Рольф Карле за те три дня ни разу не сомкнул глаз: он снимал все происходящее, находясь в самой гуще событий; его окружали возбужденные борьбой победители, он выходил на запруженные танцующими и веселящимися людьми улицы, по которым с трудом пробирались автомобили, сигналя во всю мочь. Именно его камера зафиксировала, как раздается вынесенное из магазинов вино и как люди, объединенные общим делом, по‑ братски, независимо от уровня достатка и социального статуса, его распивают. Он работал как заведенный и в профессиональном азарте совершенно забывал позаботиться о собственной безопасности: главным для него было дело.

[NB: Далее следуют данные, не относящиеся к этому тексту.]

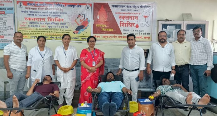 या शिबिरात WCL च्या जवाहरलाल नेहरू वैद्यकीय विभाग आणि आयुष रक्तपेढी, नागपूर यांच्या संयुक्त विद्यमाने प्रादेशिक वैद्यकीय अधिकारी डॉ. शशी शंकर, प्रभारी मुख्य वैद्यकीय अधिकारी डॉ. शैला देवगडे यांच्या सक्षम मार्गदर्शनाखाली WCL कर्मचारी, कंत्राटी कामगार आणि त्यांचे अवलंबित रक्तदान करण्यासाठी मोठ्या संख्येने जमले होते आणि समाजाप्रती त्यांची जबाबदारी पार पाडत आहेत, हे एक चांगले लक्षण आहे.
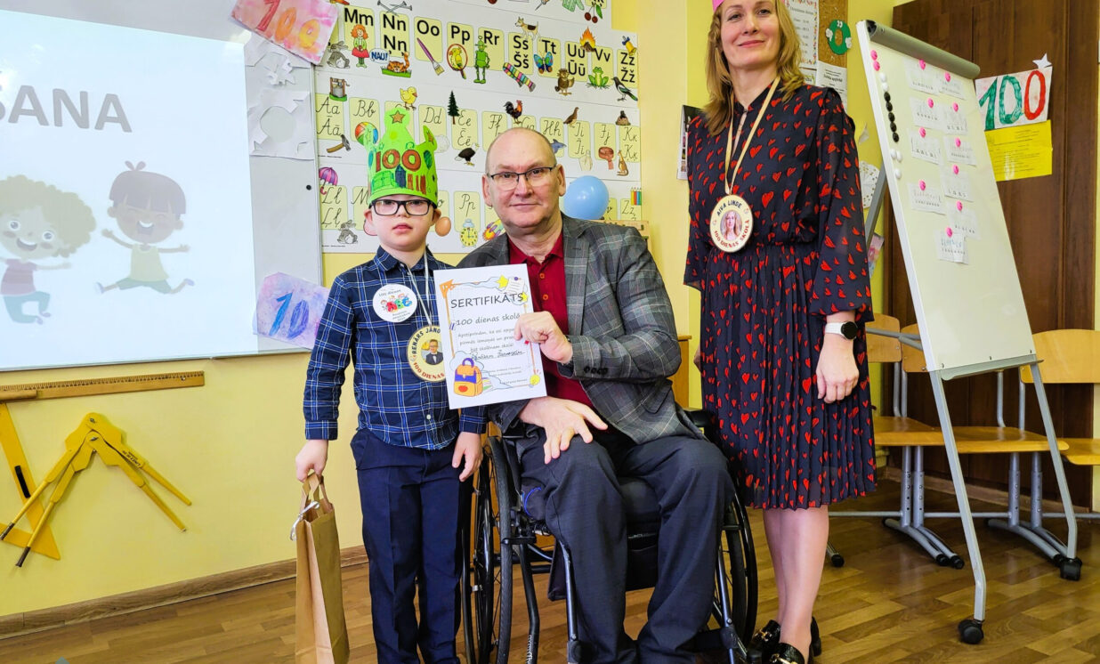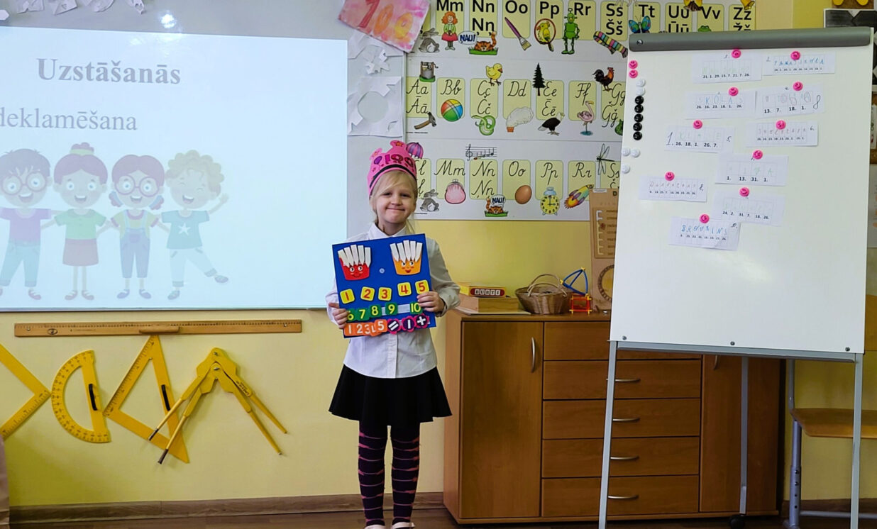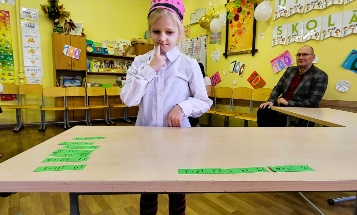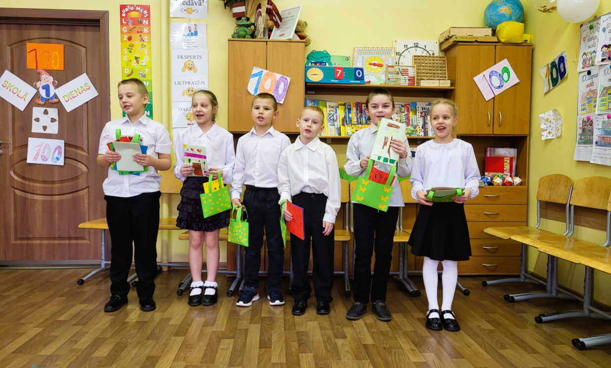 Naujenes pamatskolas pirmklasnieki svin 100 dienas skolā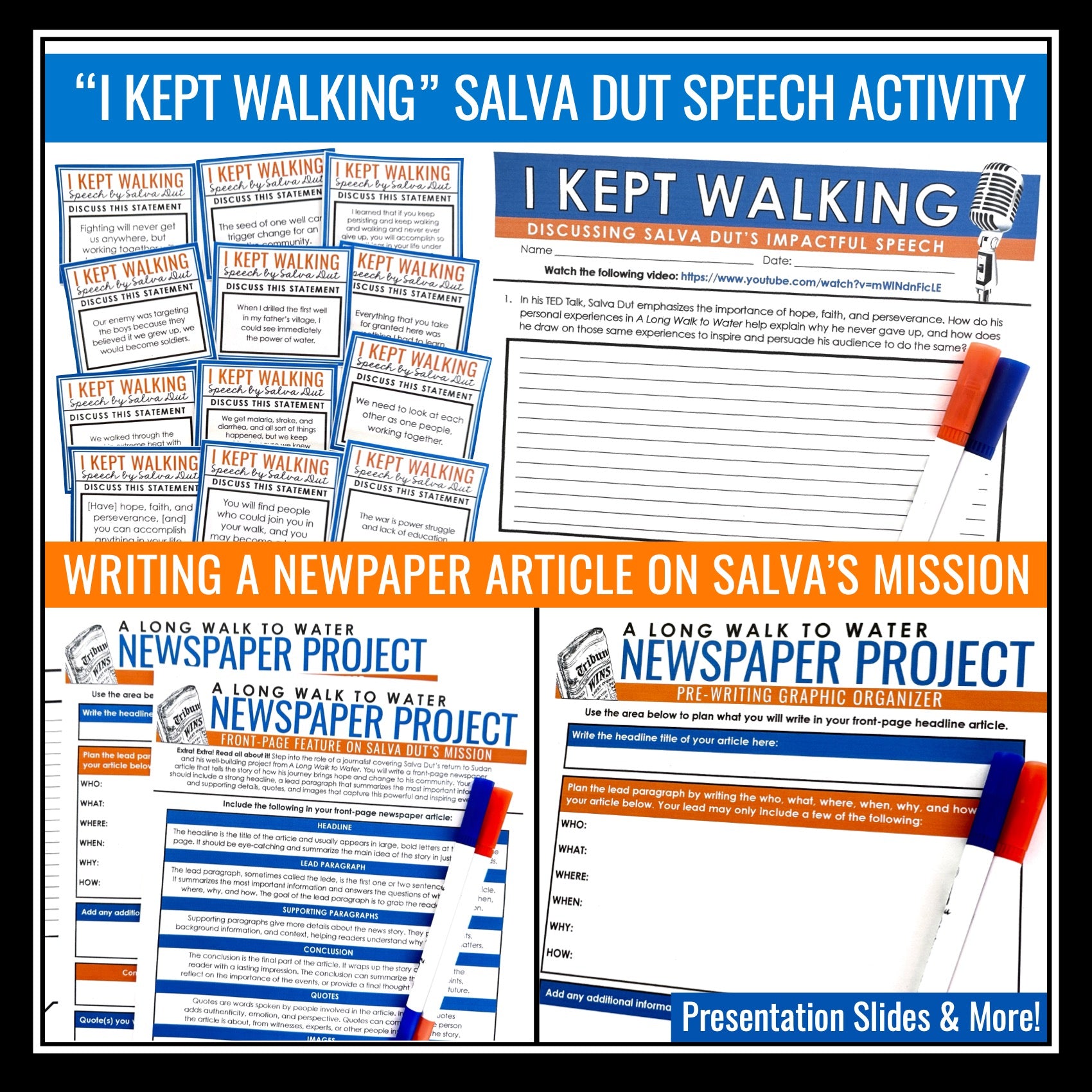 ➡️ “I Kept Walking” – Salva Dut Speech Activity: After watching Salva Dut’s inspiring TED Talk, students reflect on the power of perseverance, hope, and leadership. Using discussion task cards, they analyze key quotes from his speech, connect his words to events in A Long Walk to Water, and respond to one prompt in depth, exploring how Salva’s message of “keeping walking” continues to impact lives today.

Он единственный из операторов осмелился ворваться вместе с восставшими в здание Службы безопасности, он снимал груды тел, стонущих в коридорах и кабинетах раненых, растерзанных толпой жандармов и тайных агентов и освобожденных узников, поднимающихся из пыточных подвалов Человека с Гарденией. Побывал он со своей камерой и в главной столичной резиденции Генерала; он не только сам видел, но и сумел заснять на пленку, как толпа крушит мебель, кромсает ножами прекрасные картины, составлявшие гордость коллекции, и топчет ногами шиншилловые шубы и расшитые драгоценными камнями платья первой леди. Побывал он и во дворце правительства – как раз в тот самый момент, когда там была провозглашена взявшая на себя всю полноту власти хунта, в состав которой вошли восставшие офицеры и выдающиеся деятели оппозиции. Сам Аравена поздравил молодого человека с первыми настоящими профессиональными успехами и дал ему подлинную путевку в жизнь, порекомендовав своим коллегам на телевидении проявить внимание к талантливому начинающему журналисту; увидев отснятые репортажи, телевизионщики тут же пустили их в эфир, и они стали гвоздем выпусков новостей, сделав Рольфа звездой.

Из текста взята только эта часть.